这将是一场汇聚顶尖学者的盛会,共同探讨前沿科技与学术挑战!FC碰碰胡老虎机法典-提高赢钱机率的下注技巧精彩,敬请期待!
【嘉宾介绍】
Albert van den Berg
特文特大学
Labs, Cells and Organs on Chip for Health and Climate
【Abstract】
The recent rapid developments in bionanotech and micro/nanofluidic technologies have enabled the realization of miniaturized laboratories. These Labs-on-a-Chip will play an important role in future medicine, both in point-of-care devices for drug or biomarker monitoring, as well as in early diagnostic devices. A disposable chip for rapid measurement of lithium in whole blood for manic depressive patients is presented. Microfluidics can also be exploited to manipulate and experiment with cells on chip. We have developed a microsystem for sperm analysis and selection for artificial insemination, where we can electrically detect and sort healthy sperm cells. Apart from diagnostic and cell manipulation devices, microfluidic devices are increasingly used to realise advanced disease and organ-models, as illustrated by the a blood vessel on a chip to study atherosclerosis. These Organs on Chip may lead to more rapid and cheaper drug development, personalised medicine and improved disease models, while minimizing or even eliminating animal testing (3R principle). Finally, examples of microfluidics for climate are presented. A microfluidic impedance spectroscopy system will be presented that can monitor the calcification of coccolithophores (algae), while some initial work on a microreactor to study accelerated weathering of olivine will be discussed.

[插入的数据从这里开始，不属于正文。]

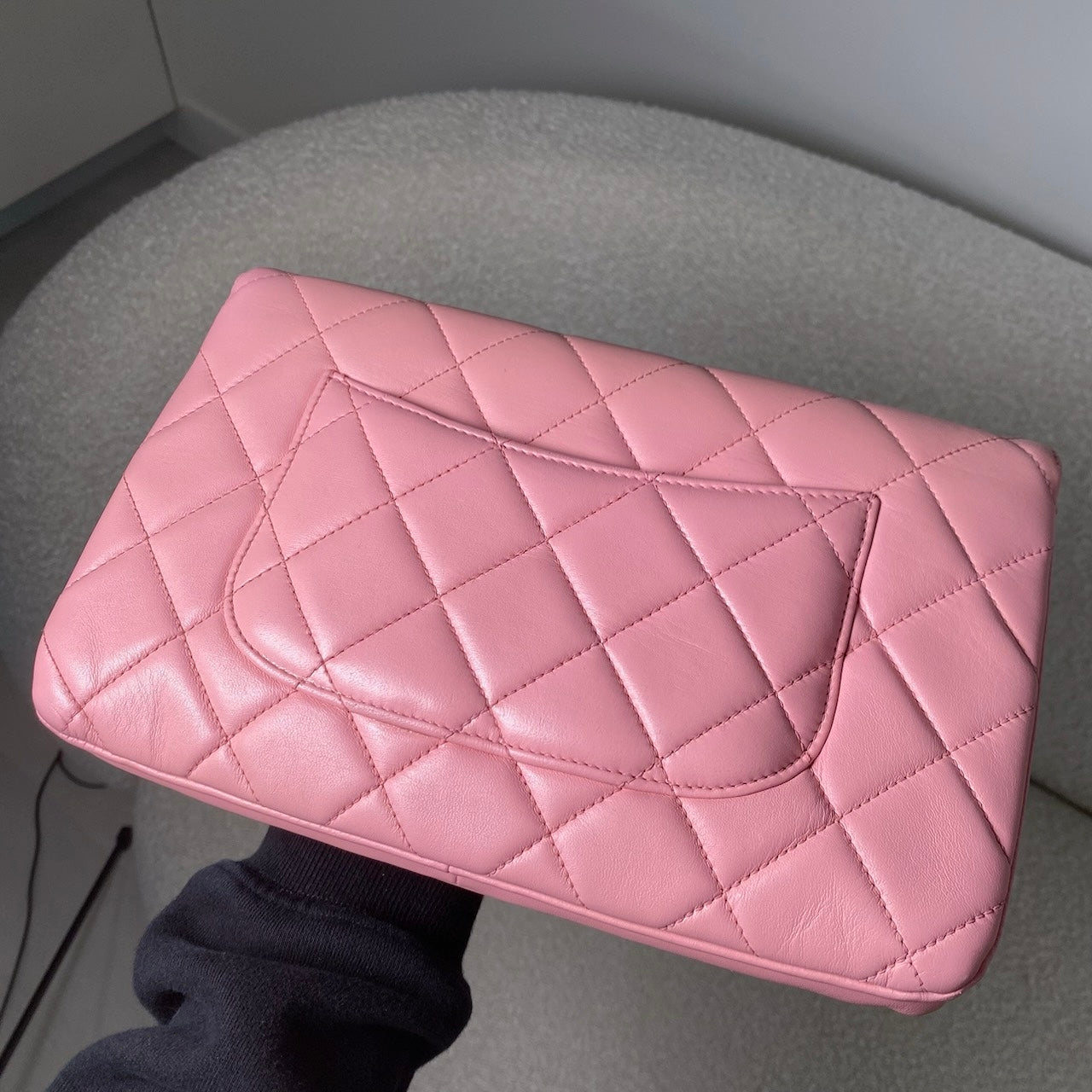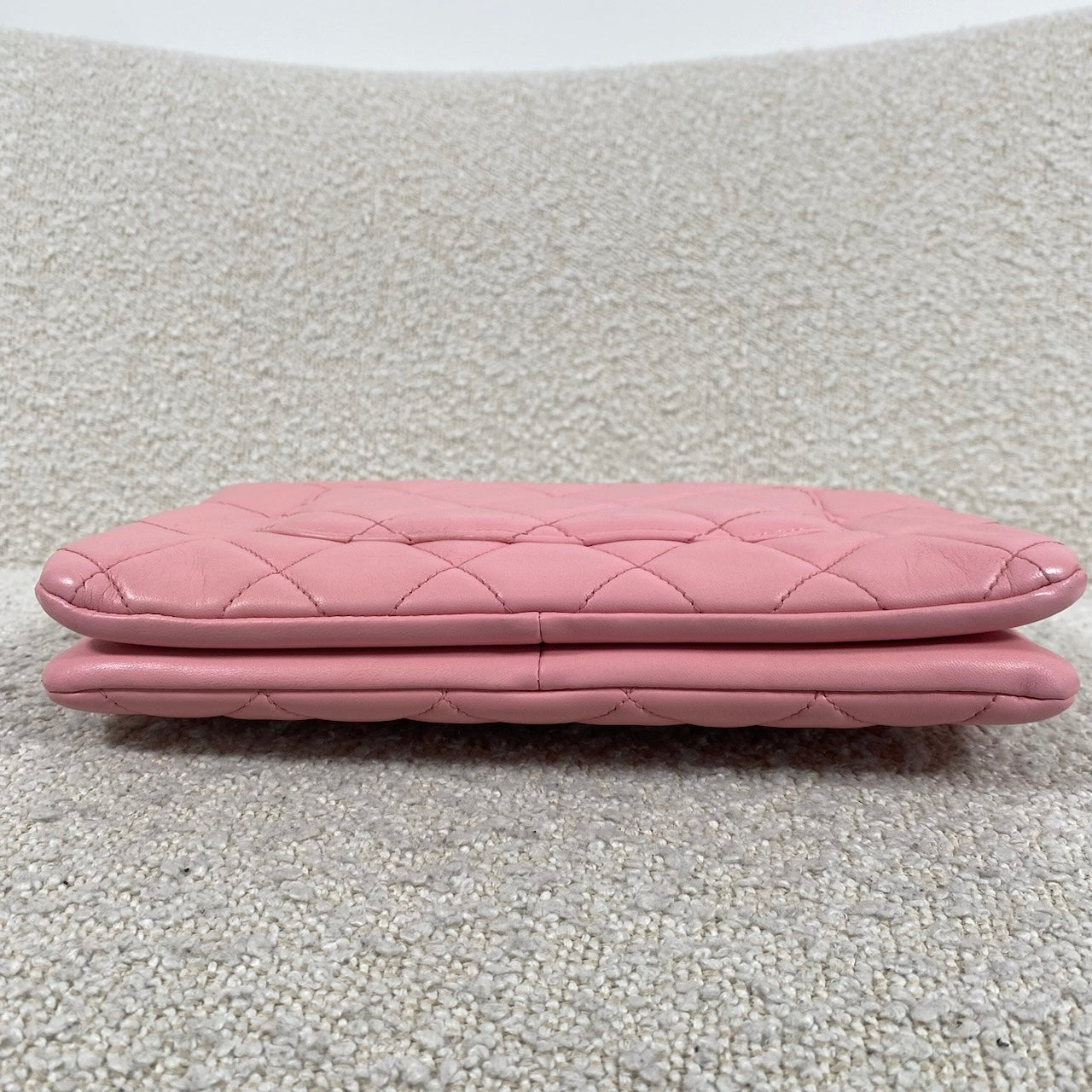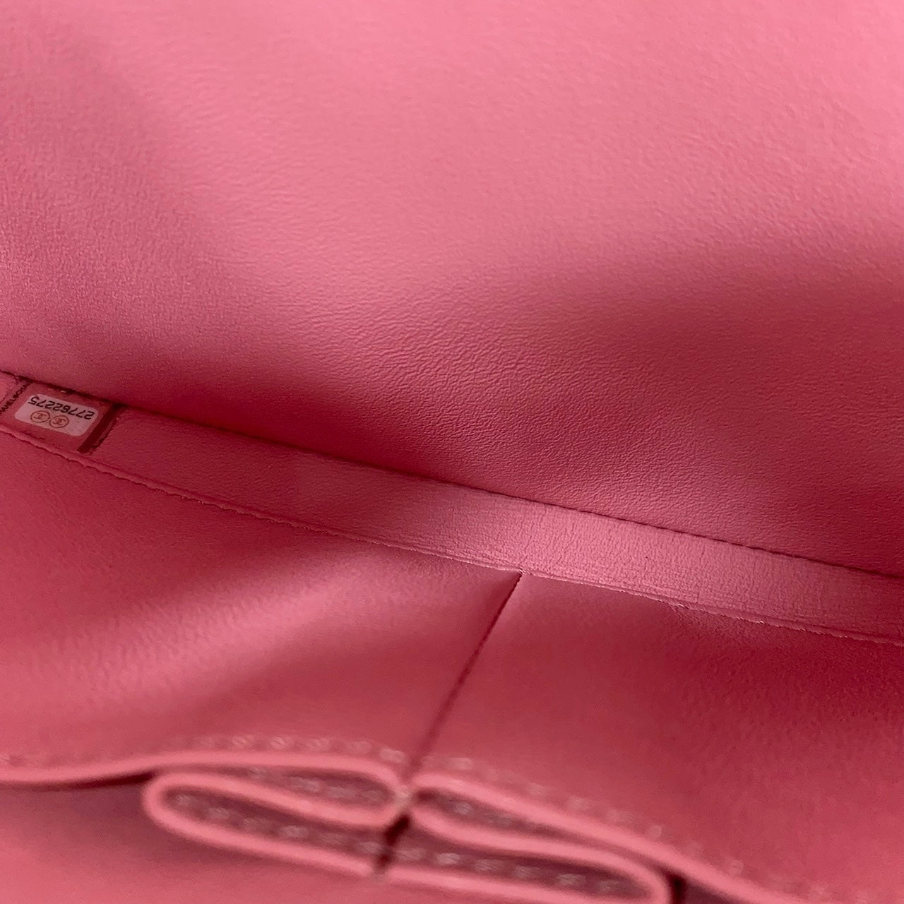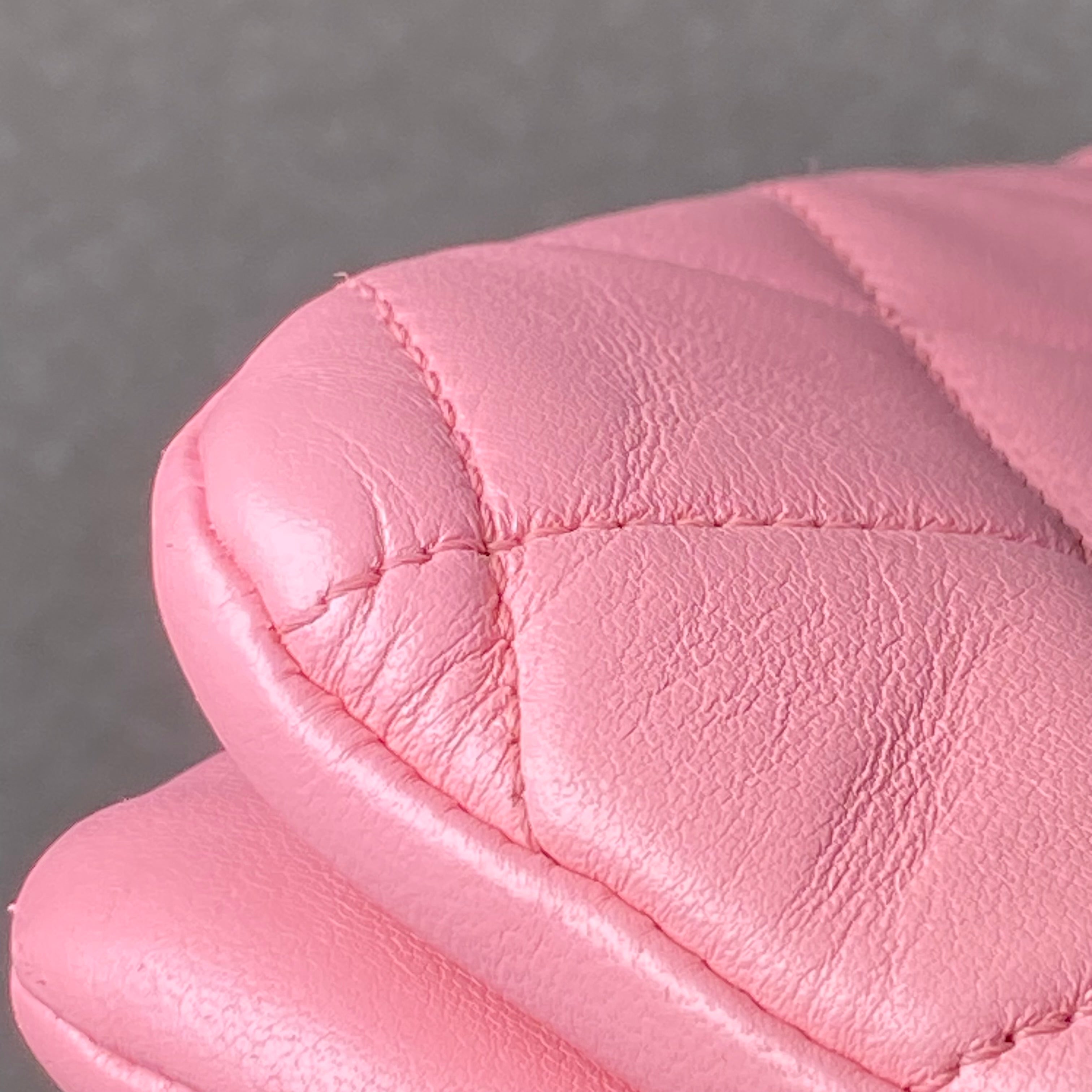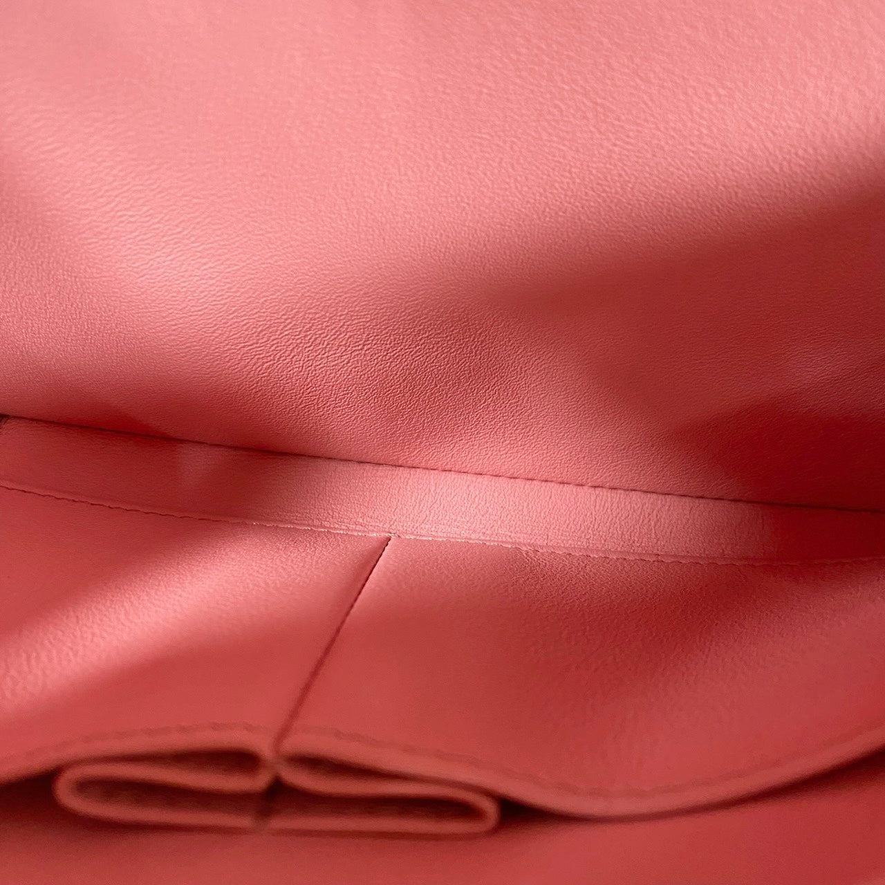 Approximately: Length: 10.5in Width: 1in Height: 6.5in Bag depth: 5.5in Strap drop: 13in. Pink Lambskin. Light gold hardware.

生物纳米技术和微/纳流控技术的快速发展,使得微型实验室的实现成为可能。这些芯片实验室在未来医学中将扮演重要角色,无论是在药物或生物标志物监测的现场护理设备中,还是在早期诊断设备中。本文介绍了一种用于躁郁症患者全血中锂快速测量的一次性芯片。微流控技术还可以被利用来在芯片上操纵和实验细胞。我们开发了一种用于精子分析和选择的微系统,用于人工授精,我们可以电学检测和排序健康的精子细胞。除了诊断和细胞操纵设备外,微流控设备越来越多地被用来实现先进的疾病和器官模型,如用于研究动脉粥样硬化的血管芯片。这些芯片上的器官可能会导致药物开发更快速、更便宜,个性化医疗和改进的疾病模型,同时最小化甚至消除动物测试(3R原则)。最后,介绍了微流控技术在气候方面的应用示例。将介绍一种微流控阻抗谱系统,可以监测颗石藻(藻类)的钙化,同时讨论一些关于研究橄榄石加速风化微反应器的初步工作。
【BIOGRAPHY】
Professor Albert van den Berg received his MSc in applied physics in 1983, and his PhD in 1988 both at the University of Twente, the Netherlands. From 1988-1993 he worked in Neuchatel, Switzerland, at the CSEM and the University of Neuchatel (IMT) on miniaturized chemical sensors. In 2000 he was appointed as full professor on Miniaturized Systems for (Bio)Chemical Analysis in the faculty of Electrical Engineering and part of the MESA+ Institute for Nanotechnology. In 1994 he initiated together with Prof. Bergveld the international MicroTAS conference series. He published over 700 peer reviewed publications and from his group > 10 spin-off companies started. He received several honors and awards such two ERC Advanced (2008, 2015) and four ERC Proof of Concept (2011, 2013, 2016, 2020) grants, Simon Stevin award (engineering sciences, 2002), Spinoza prize (2009), Distinguished University Professor (Twente, 2010), Distinguished Professor (South China Normal University SNCU (China), 2012), Consulting Professor at Northwestern Polytechnic University NPU (China), 2017) and member of the Royal Dutch Academy of Sciences (KNAW) (board member from 2011-2016). From 2014-2018 he was scientific director of the MIRA institute for Biomedical Engineering. In 2017 he became co-PI of the Max Planck - University of Twente Center for Complex Fluid Dynamics. In 2018 he became (co)director of MESA+ Institute for Nanotechnology. He has been editor of Sensors and Actuators B, cofounding member of the editorial board of the RSC journal Lab on a Chip, founding member of EUROoCS, the European Organ on Chip Society and founding director of the CBMS, the Chemical and Biological Microsystems Society. In 2022 he was elected member of the SATW (CH). His current research interests are micro/nanofluidics, Labs on Chip and sensing for health and sustainability and Organs on Chip. His current activities include acting as one of the quartermasters of the UT Climate Centre.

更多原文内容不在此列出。